Uno de los aspectos centrales de la entrevista fue la autocrítica de Tony Hawk respecto a la terquedad. “‘Mi terquedad’. Pero logré canalizarla principalmente hacia el skate”, confesó al medio.

Relató cómo esa obstinación fue clave para superar dificultades: “Todavía creo que puedo patinar como hace 20 años”, confesó, y que esa terquedad, más que una debilidad, terminó fortaleciendo su carrera sobre la tabla.

Reconoció, además, el deseo de tocar varios instrumentos y hablar francés con soltura como talentos por adquirir. Consultado sobre qué cambiaría de sí mismo, bromeó con su imposibilidad de patinar en ‘switch’ (con la postura cambiada) y sus ronquidos: “Lo siento, Cathy”.

La autoexigencia y el sentido del humor acompañaron su trayectoria.

Familia, salud y una rampa de un millón de dólares

En la charla, Hawk confiesa que acepta sus imperfecciones con humor y reconoce la importancia de la autoexigencia (Lihue Althabe)

En cuanto a sus mayores logros y posesiones, Tony Hawk puso la salud por encima de todo: “‘Mi salud’ y mi paladar”, subrayó. Colocó el bienestar y los pequeños placeres de la vida por encima de cualquier premio.
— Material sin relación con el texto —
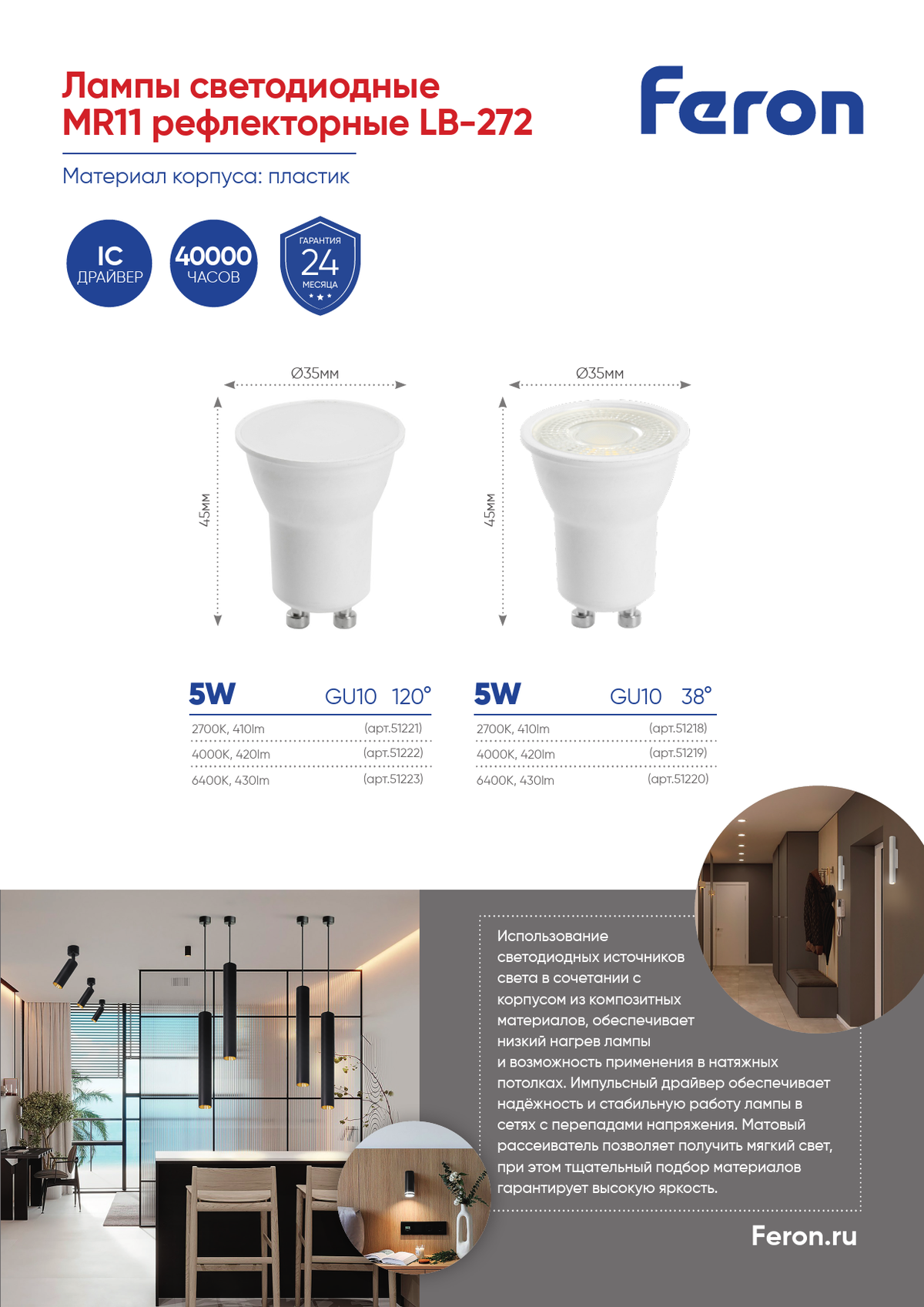 Лампа светодиодная Feron LB-272 MR11 GU10 5W 175-265V 6400K 51220 по цене 114 руб. с фотографией и техническими характеристиками. Для покупки товара нажмите кнопку "Купить" и перейдите в корзину или позвоните по телефону 8 (495) 585 32 60 или 8 (800) 222 23 53.
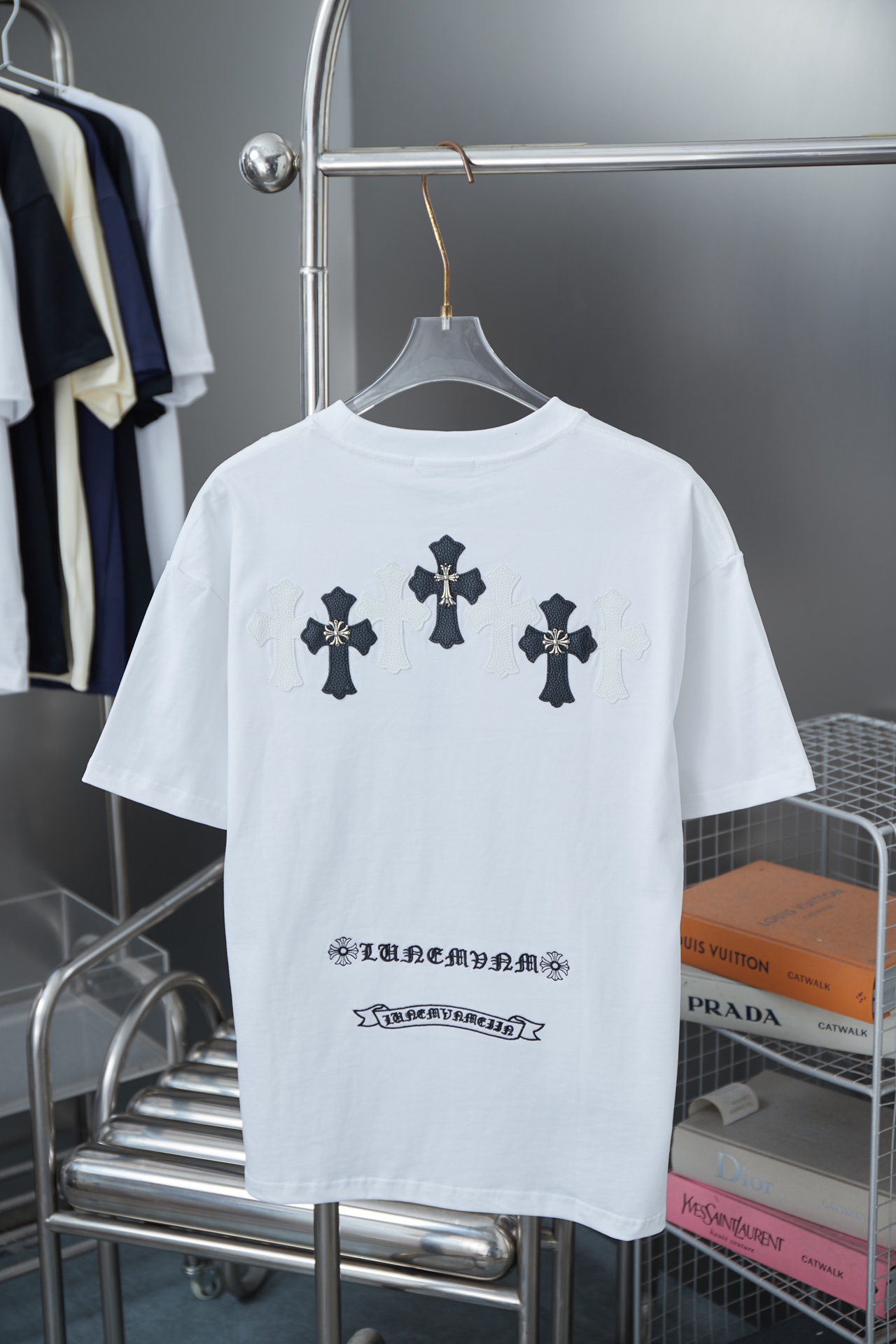 這款衣服是AAAAA 1:1 質量(非常棒). 使用了和原版一模一樣的材料. 商標部分也保持了和鉻心/Chrome Hearts一樣. 圖片拍攝是實物衣服拍攝, 您所收到的實物保證和我們圖片一模一樣.
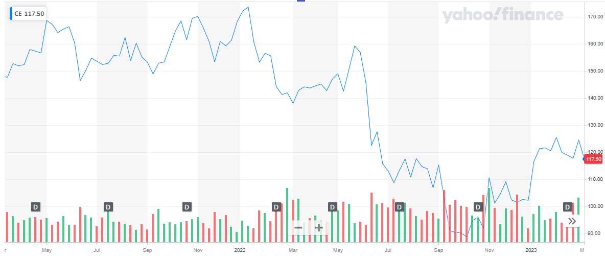 Celanese recently reported its full-year financials for FY 2022:

La familia ocupa un lugar primordial entre sus afectos. “Mi querida Catherine y nuestra numerosa familia” encabezan la lista, junto a hijos, nietos y su perra Lola. Relató que sus mejores viajes son aquellos compartidos con sus seres queridos, ya sea alrededor del mundo o en su propio jardín.
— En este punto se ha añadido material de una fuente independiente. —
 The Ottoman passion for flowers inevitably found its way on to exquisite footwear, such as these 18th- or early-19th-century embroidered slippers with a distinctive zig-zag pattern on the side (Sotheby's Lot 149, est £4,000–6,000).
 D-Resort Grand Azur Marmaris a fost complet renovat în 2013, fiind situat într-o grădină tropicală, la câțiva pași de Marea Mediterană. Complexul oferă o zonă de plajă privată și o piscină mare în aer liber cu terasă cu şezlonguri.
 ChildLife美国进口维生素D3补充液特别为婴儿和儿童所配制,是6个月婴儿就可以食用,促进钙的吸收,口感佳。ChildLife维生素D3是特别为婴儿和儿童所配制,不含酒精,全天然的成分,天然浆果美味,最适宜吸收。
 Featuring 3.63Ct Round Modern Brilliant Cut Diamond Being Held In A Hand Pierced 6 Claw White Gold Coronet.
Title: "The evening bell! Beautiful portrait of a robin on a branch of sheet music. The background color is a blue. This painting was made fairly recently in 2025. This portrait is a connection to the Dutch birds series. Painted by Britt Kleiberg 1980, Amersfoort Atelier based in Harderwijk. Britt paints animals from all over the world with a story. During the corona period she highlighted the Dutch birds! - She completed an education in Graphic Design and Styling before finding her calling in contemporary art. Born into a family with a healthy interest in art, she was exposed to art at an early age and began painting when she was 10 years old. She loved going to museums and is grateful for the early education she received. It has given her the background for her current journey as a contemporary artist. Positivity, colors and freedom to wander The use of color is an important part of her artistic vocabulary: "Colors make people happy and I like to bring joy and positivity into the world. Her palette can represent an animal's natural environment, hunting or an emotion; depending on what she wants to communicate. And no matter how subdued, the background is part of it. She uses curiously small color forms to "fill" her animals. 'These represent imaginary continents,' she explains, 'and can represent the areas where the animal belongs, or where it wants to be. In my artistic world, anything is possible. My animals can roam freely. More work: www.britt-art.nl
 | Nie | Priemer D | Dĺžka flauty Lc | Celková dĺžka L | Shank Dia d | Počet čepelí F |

Sobre su máxima extravagancia, respondió sin dudar: “Mi rampa de USD 1 millón. ‘Valió cada centavo’”, reafirmó ante Vanity Fair. Esta inversión simboliza, para el deportista, un espacio dedicado a la creatividad y el desafío.

La curiosidad y el aprendizaje constante impulsan a Tony Hawk a buscar nuevos desafíos dentro y fuera del skate

Reconoció que la impuntualidad y las lesiones por trucos simples le resultan especialmente frustrantes. Su rasgo más distintivo, según describió, es la fiabilidad, y aspira a envejecer sin dolor.

La conversación recogida por Vanity Fair exhibió la faceta más accesible y sincera de Hawk, desde la broma sobre reencarnar en un ave de presa —“sería justo, después de compartir el mismo nombre toda mi vida”— hasta su deseo de perpetuar la pasión por el skate y contribuir al desarrollo social.

Además, Hawk expresó que la curiosidad y el aprendizaje constante siguen siendo motores esenciales en su vida, tanto dentro como fuera del skatepark, impulsando su búsqueda de nuevos desafíos personales.